Today’s tip is from Joel Zeff, owner of Joel Zeff Creative, and author of Make the Right Choice, www.maketherightchoicethebook.com. I’ll give you five and you can click here to read all t 10 of Zeff’s tips.
We all have brainstormed the same way for years. Everyone spends an hour in the conference room, bored and uninspired. Somebody throws out a recycled idea. Everyone rallies behind the idea because they really just want to leave the conference room.
Brainstorming should be fun, energetic and productive. Here are a few tips that hopefully will inspire the next great idea.
1. Choose a leader during the creative process.

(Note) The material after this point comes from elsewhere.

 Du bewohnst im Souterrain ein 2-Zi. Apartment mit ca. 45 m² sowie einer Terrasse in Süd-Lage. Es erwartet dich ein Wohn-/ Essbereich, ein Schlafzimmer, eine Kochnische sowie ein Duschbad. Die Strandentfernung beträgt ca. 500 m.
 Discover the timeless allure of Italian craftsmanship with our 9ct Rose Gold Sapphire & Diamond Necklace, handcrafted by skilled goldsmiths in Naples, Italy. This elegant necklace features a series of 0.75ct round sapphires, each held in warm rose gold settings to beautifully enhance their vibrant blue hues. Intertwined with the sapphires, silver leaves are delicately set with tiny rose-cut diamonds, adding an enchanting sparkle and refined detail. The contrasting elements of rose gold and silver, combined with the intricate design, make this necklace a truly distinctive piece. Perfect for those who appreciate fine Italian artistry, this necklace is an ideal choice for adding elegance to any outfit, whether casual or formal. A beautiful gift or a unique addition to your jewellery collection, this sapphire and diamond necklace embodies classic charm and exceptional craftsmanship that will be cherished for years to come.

Someone has to keep everyone on track, or you will spend the entire session talking about television shows about attractive detectives solving crimes; attractive doctors saving lives; or attractive detectives and doctors solving crimes, saving lives and romancing each other.
2. Notate everything. Yes, it is a pain to write every idea down. If you don’t, you will forget. We always forget. Take notes, audiotape or videotape the session.

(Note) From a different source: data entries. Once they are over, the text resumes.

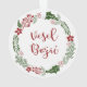 Ornement de vacances acrylique. Vesel Božič, en slovène : Joyeux Noël, design de couronne de Noël vert et rouge
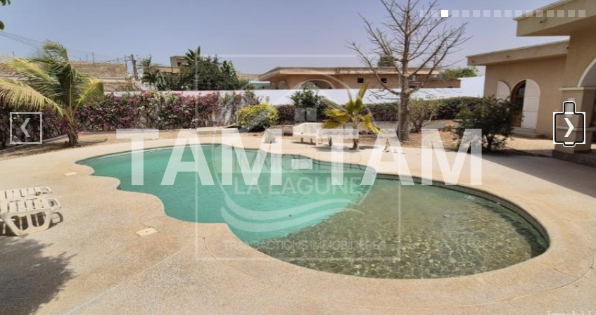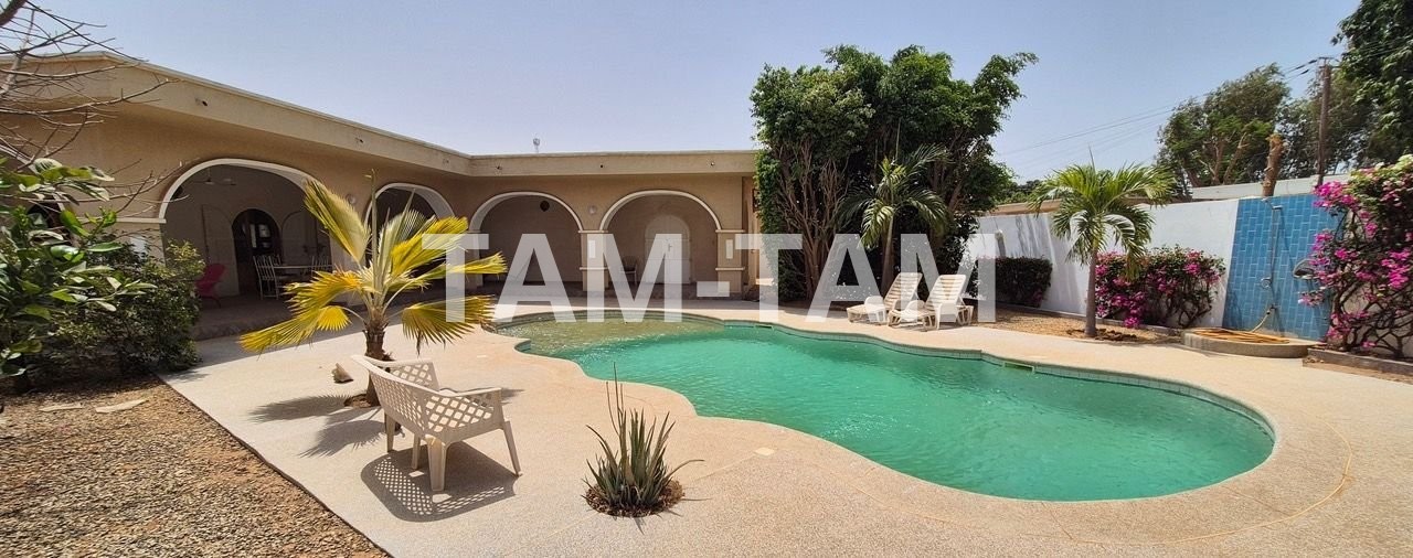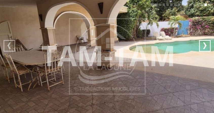 villa meublée, salon-séjour, cuisine américaine, cuisine fermée sénégalaise, 3 chambres , 3 salles d'eau, 1 chambre indépendante avec salle d'eau, wc invité, climatisations, parabole TV, brasseurs d'air
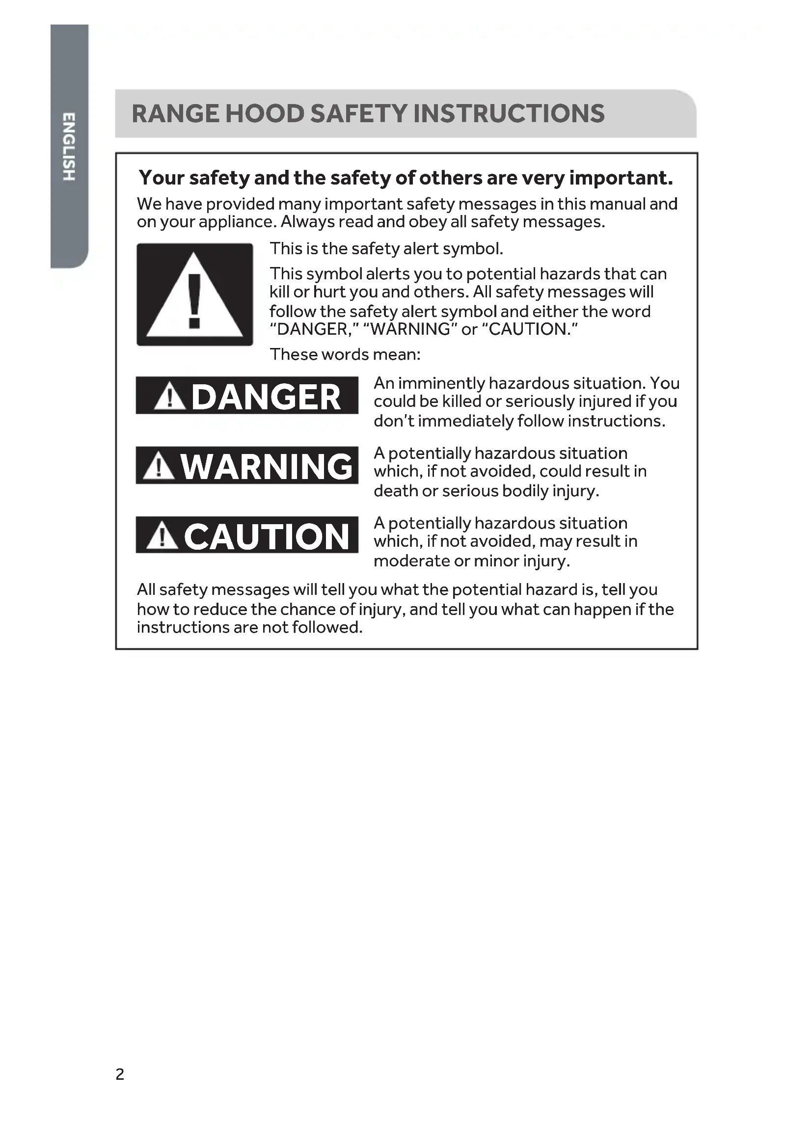 Your safety and the safety of others are very important. We have provided many important safety messages in this manual and on your appliance. Always read and obey all safety messages. DANGER WARNING CAUTION This is the safety alert symbol. This symbol alerts you to potential hazards that can kill or hurt you and others. All safety messages will follow the safety alert symbol and either the word “DANGER,” “WARNING” or “CAUTION.” These words mean: An imminently hazardous situation. You could be killed or seriously injured if you don’t immediately follow instructions. A potentially hazardous situation which, if not avoided, could result in death or serious bodily injury. A potentially hazardous situation which, if not avoided, may result in moderate or minor injury. All safety messages will tell you what the potential hazard is, tell you how to reduce the chance of injury, and tell you what can happen if the instructions are not followed.3 IMPORTANT SAFETY INSTRUCTIONS

3. Change your location. You don’t always have to meet in the conference room for a brainstorming session. Creativity wants variety. Take a walk to another floor, go outside and sit on a bench or stand around the parking lot. Go to a nearby museum, store, mall, coffee shop or park to brainstorm. Use your surroundings to inspire and motivate you to create.
4. Create fast brainstorming sessions. Do not linger. Nobody looks forward to spending an hour in the conference room to brainstorm. Instead, use quick energy bursts. Everyone run into the room for 15 minutes and create as many ideas as possible. And then everyone must run out. Do this a couple times a day as a surprise. Use the energy to focus and produce ideas. Shorter idea sessions will create more ideas.
5. Relax, and create ideas each day. Take five minutes each day by yourself and think. Don’t think about anything in particular. Just think. Take a walk around your building. Go sit on a bench. Leave your cell phone and Blackberry on your desk. Now, just think. Each time you do this you will have an idea. Sometimes it will be a little idea. Sometimes it will be a big idea.